The fork-versus-contribute question is also a product question

If you are building to compete with tools like Harvey or Legora, then forking in order to create something genuinely distinct can be the right decision, even when it is more expensive to maintain. A different deployment model, data architecture or compliance posture can be meaningful product choices.

The more useful question to ask before forking is not just whether you can maintain the result, but whether the fork represents:

  • a product decision
  • or an impatience decision

One is defensible... the other is where maintenance debt accumulates and tends to surface later, usually at the point the system starts to matter.


Security isn’t something you add later

"It’s just an open source prototype" doesn’t really weight once other people start using the tool.

If it:

  • processes documents
  • connects to external services
  • runs inside a firm environment

then it carries real risk from the moment it is used, simple as.

You don’t need a full security function, obviously, but you do need a baseline.
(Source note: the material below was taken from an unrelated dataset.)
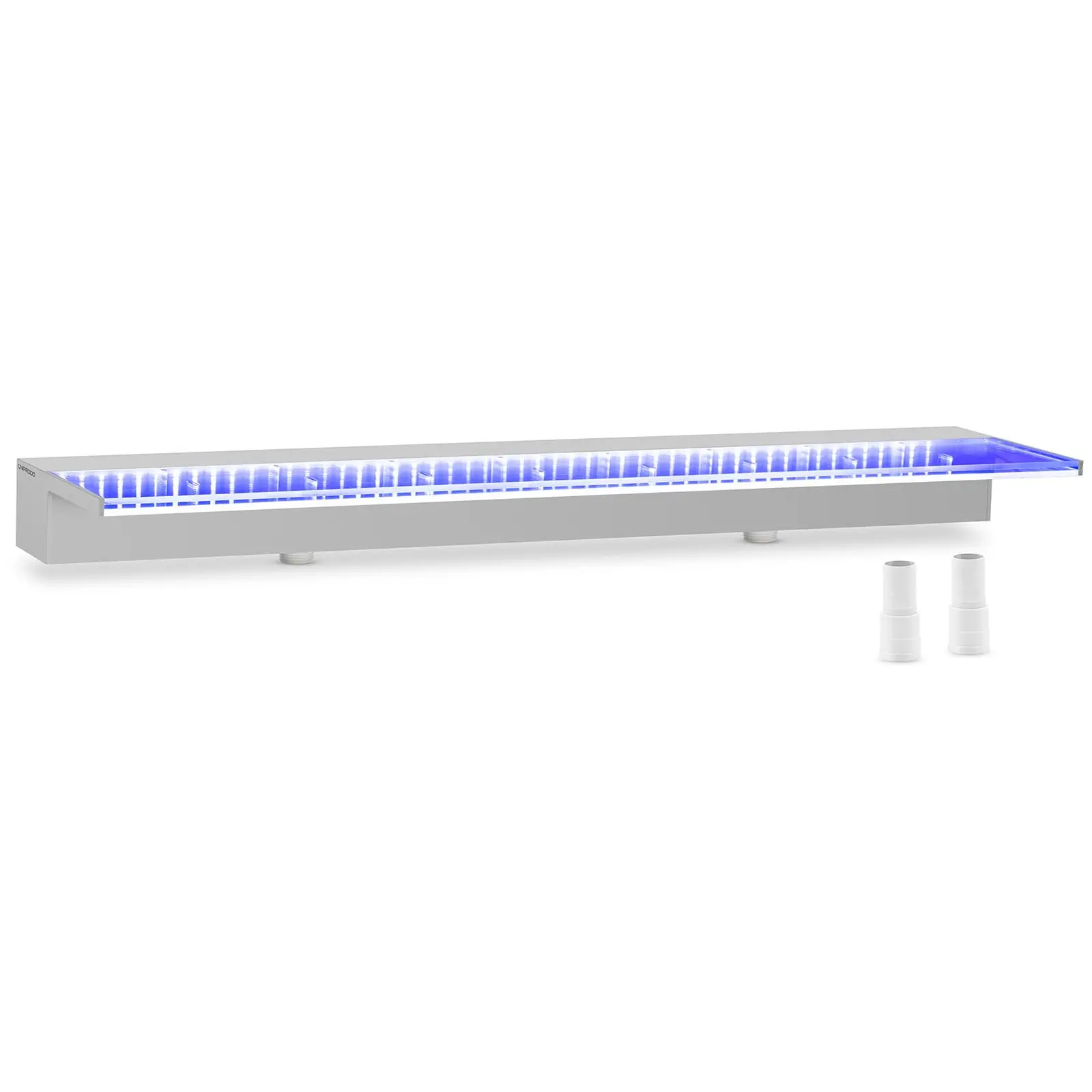 Himmeä valaistus ja lempeä veden liplatus: Uniprodon vesiputoussuihkulla luot miellyttävän tunnelman. Viihtyisä roiskuvan veden ääni syntyy, kun vesi virtaa tasaisesti mitoiltaan 90 cm:n kokoisesta ylivuodosta. Samalla virtaa säästävä LED-valaistus saa aikaan tyylikkäitä visuaalisia kohokohtia. Veden ylivuotosuutin muodostaa vesiputouksen alkupisteen. Kun allas, johon suihkulähde on kiinnitetty, täyttyy vedellä, se valuu alas reunan yli kuin vesiputous. Virtaavan veden liike ja ääni tarjoavat takuuvarmaa rentoutumista. Integroitujen sinisten valodiodien ansiosta saat valon suorastaan tanssimaan. Suihkulähteen vesielementti toimii taloudellisella 24 W:n teholla. Sen valaistus on suojattu roiskevedeltä joka suunnasta suojausluokan IP44 ansiosta. Haluatko tehdä vieraisiisi vaikutuksen tunnelmallisella vastaanottoaulalla? Tällä vesisuihkulla lisäät sisustuskonseptiisi oikean katseenvangitsijan. Vesielementti puutarhaan tai altaisiin on helppo koota ja asentaa niin seinään kuin muuraukseen. Pehmeän valon avulla luot viihtyisän tunnelman pienimpiinkin tiloihin. Vesisuihku on valmistettu tukevasta ja korroosionkestävästä akryylistä. Tämä suojaa sitä suola- tai klooriveden aiheuttamilta vaurioilta. Materiaali on vähän huoltoa vaativaa ja tekee vaikutuksen pitkällä käyttöiällään. Upea vesielementti puutarhaan, terassille tai uima-altaaseen! Tuotenumero – pituus: virtausnopeus10250616 – 120 cm: 20 000 l/h10250617 – 30 cm: 5 000 l/h10250618 – 30 cm: 5 000 l/h10250619 – 30 cm: 5 000 l/h10250620 – 45 cm: 7 500 l/h10250621 – 60 cm: 10 000 l/h10250622 – 60 cm: 10 000 l/h10250623 – 60 cm: 10 000 l/h10250624 – 90 cm: 15 000 l/h10250625 – 90 cm: 15 000 l/h10250626 – 90 cm: 15 000 l/h10250627 – 40 cm: 7 500 l/h10250628 – 30 cm: 5 000 l/h10250629 – 30 cm: 5 000 l/h10250630 – 30 cm: 5 000 l/h

A SECURITY.md file should cover:

  • how to report a vulnerability
  • whether that should be done privately
  • what kind of response someone can expect

Beyond that, the basics matter:

  • enable dependency scanning
  • merge security updates promptly
  • version your releases clearly

If known vulnerabilities sit unaddressed, people will assume the project is not safe and they’re usually right.

Ownership matters as well. Someone needs to own:

  • issue triage
  • pull request review
  • release decisions

Just because it's open source does not remove responsibility from you.


The energy behind legal AI right now is real, and for the most part it’s useful and infectious!

The question is whether it builds into something durable or spreads into a long tail of tools that look promising but don’t hold up when they are relied on.

That outcome is less about individual technical decisions and more about the defaults people reach for.

At the moment, those defaults lean towards:

  • duplication over extension
  • shipping without a clear maintenance plan
  • treating repositories as experiments rather than systems

Changing that does not require slowing down.

It requires:

  • contributing upstream where a change does not justify a fork
  • treating security as part of the system from the start
  • being clear whether a fork is a product decision or simply the easiest path

The tools that will matter in this space in two years will not be the ones that moved fastest over the next six months, they will be the ones someone chose to maintain.